Structure and electric properties of zink oxide−based ceramics doped with iron

Abstract

The structure and electrical properties of (Fe_xO_y)₁₀ (ZnO)₉₀ ceramics (0 ≤ x ≤ 3; 1 ≤ y ≤ 4) synthesized in air by one− and two−stage method were studied. To dope ZnO, powders of FeO, α−Fe₂O₃, and Fe₃O₄ or a mixture (α−Fe₂O₃ + FeO) were used. On the basis of X−ray diffraction analysis, gamma−resonance spectroscopy and Raman spectroscopy, it was established that at fixed average iron concentrations of 1—3 at.% in ceramic samples, at least three phases are formed: solid solution Zn_1−δFe_δO with wurtzite structure and residual iron oxides Fe_xO_y, used as doping agents. Scanning electron microscopy and energy−dispersive X−ray analysis have shown that, in the studied ceramics, the grain sizes of the wurtzite phase decreased from several tens of micrometers using one−step synthesis to the submicron level for the case of two−step synthesis. It was found that the incorporation of iron into ZnO leads to a contraction of the crystal lattice in the wurtzite phase and the stronger, the higher the proportion of oxygen in the doping iron oxides FexOy.
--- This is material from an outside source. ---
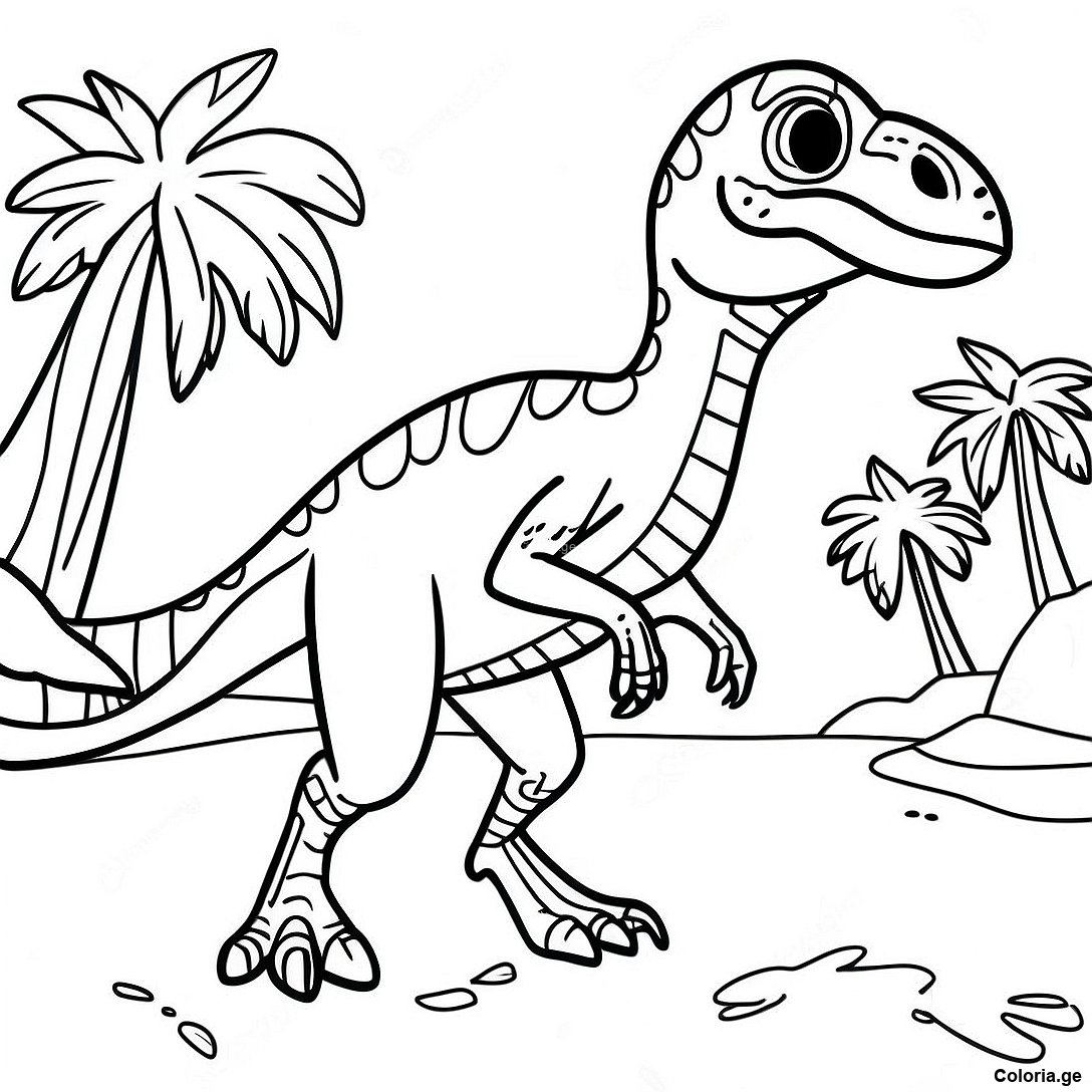 Télécharger le PDF imprimable de Page À Colorier De Vélociraptor Chassant Dans Jurassic Park

The study of the temperature dependences of the electrical resistivity have shown that deep donor centers with an activation energy of about 0.35 eV are formed in the wurtzite phase Zn_1−δFe_δO. The temperature dependences of the electrical resistivity in the undoped ZnO in the temperature range of 6—300 K and in the doped ceramics (Fe_xO_y)₁₀(ZnO)₉₀, obtained by the one−step synthesis method, at temperatures below 50 K, are characterized by a variable activation energy, which indicates a strong disordering of their structure.